(1) A general meeting of a company may be called by giving not less than
clear twenty-one days' notice either in writing or through electronic mode in such manner as maybe
prescribed:
2[Provided that a general meeting may be called after giving shorter notice than that specified in this
sub-section if consent, in writing or by electronic mode, is accorded thereto—
(i) in the case of an annual general meeting, by not less than ninty-five per cent. of the members
entitled to vote thereat; and
(ii) in the case of any other general meeting, by members of the company—
(a) holding, if the company has a share capital, majority in number of members entitled to vote
and who represent not less than ninety-five per cent. of such part of the paid-up share capital of the
company as gives a right to vote at the meeting; or
(b) having, if the company has no share capital, not less than ninty-five per cent. of the total
voting power exercisable at that meeting:
Provided further that where any member of a company is entitled to vote only on some resolution or
resolutions to be moved at a meeting and not on the others, those members shall be taken into account for the
purposes of this sub-section in respect of the former resolution or resolutions and not in respect of the latter.]

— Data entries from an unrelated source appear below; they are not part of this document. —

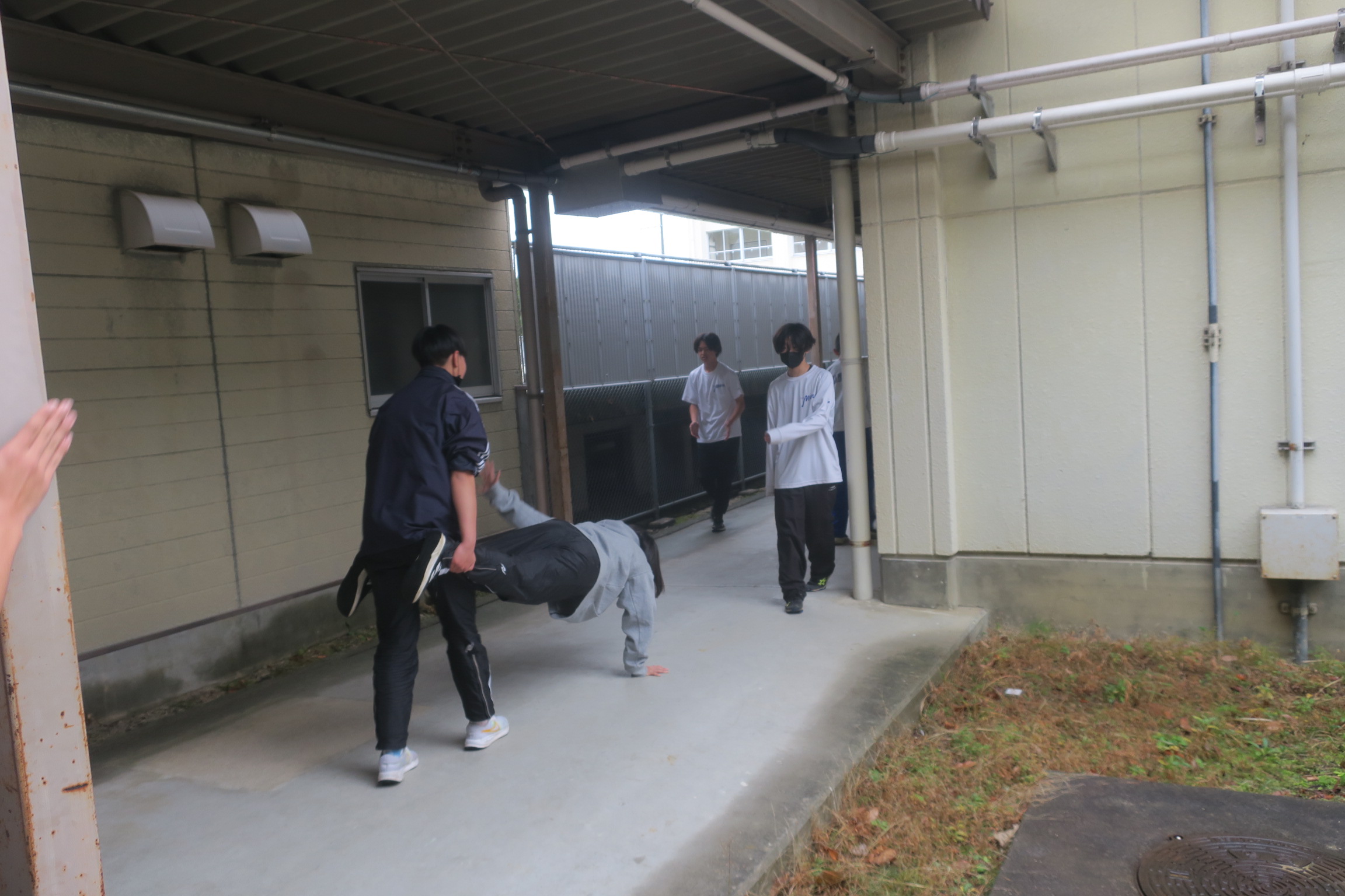 陸上競技部は、グラウンドコンディションが悪かったため、木工室横のスペースで走りの基本や補強を中心に基礎練習を行いました。
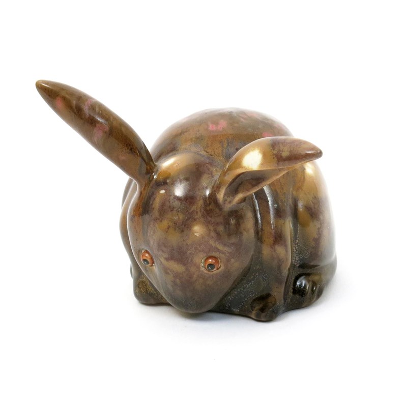 A Bernard Moore porcelain model of a rabbit, rotund with slender ears, covered in a mottled mushroom and pink flambe glaze with applied glass eyes, printed BM monogram 7.5cm. high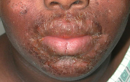 • Impétigo con costras: este es el tipo más común de impétigo y comienza como pequeñas ampollas (pequeñas burbujas llenas de líquido) que revientan y dejan manchas rojas que supuran y que al secarse se convierten en costras amarillas o de color miel.
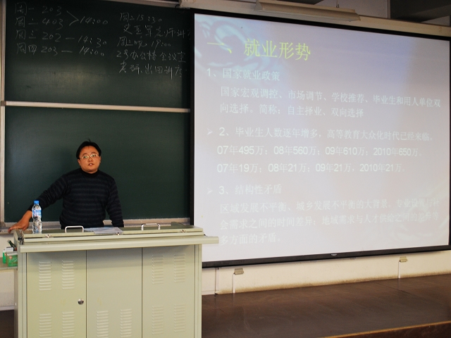 2009年11月16日下午2:00在教B203举行了首场就业指导讲座,讲座特邀员工处就业指导中心的党登峰老师主讲,副经理赵金芳,团总支书记牛奔及2010届全体同学参加了此次就业指导讲座。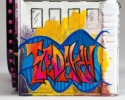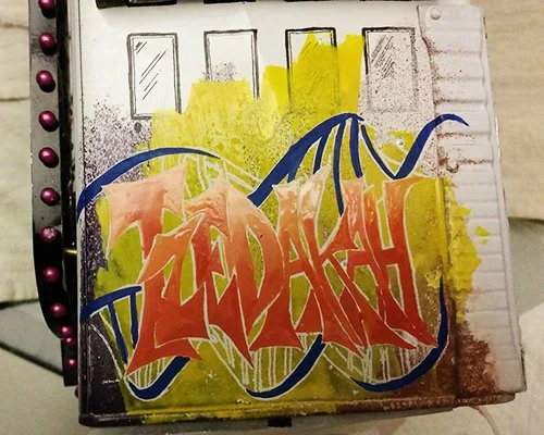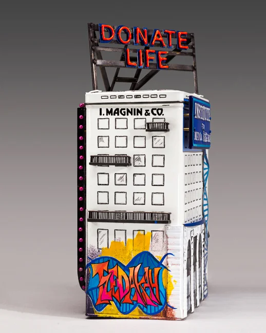 The tin has been repurposed as a tzedakah box. This is similar to how older buildings in San Francisco are renovated for a new purpose. The theme highlights contemporary forms of tzedakah such as participating in medical research, donating blood, and being an organ donor. Contributions that can “Donate Life.”

(2) Every notice of a meeting shall specify the place, date, day and the hour of the meeting and shall
contain a statement of the business to be transacted at such meeting.
(3) The notice of every meeting of the company shall be given to—
(a) every member of the company, legal representative of any deceased member or the assignee
of an insolvent member;
(b) the auditor or auditors of the company; and
(c) every director of the company.
(4) Any accidental omission to give notice to, or the non-receipt of such notice by, any member or
other person who is entitled to such notice for any meeting shall not invalidate the proceedings of the
meeting.
1. The proviso subs. by s. 28, ibid. (w.e.f. 9-2-2018).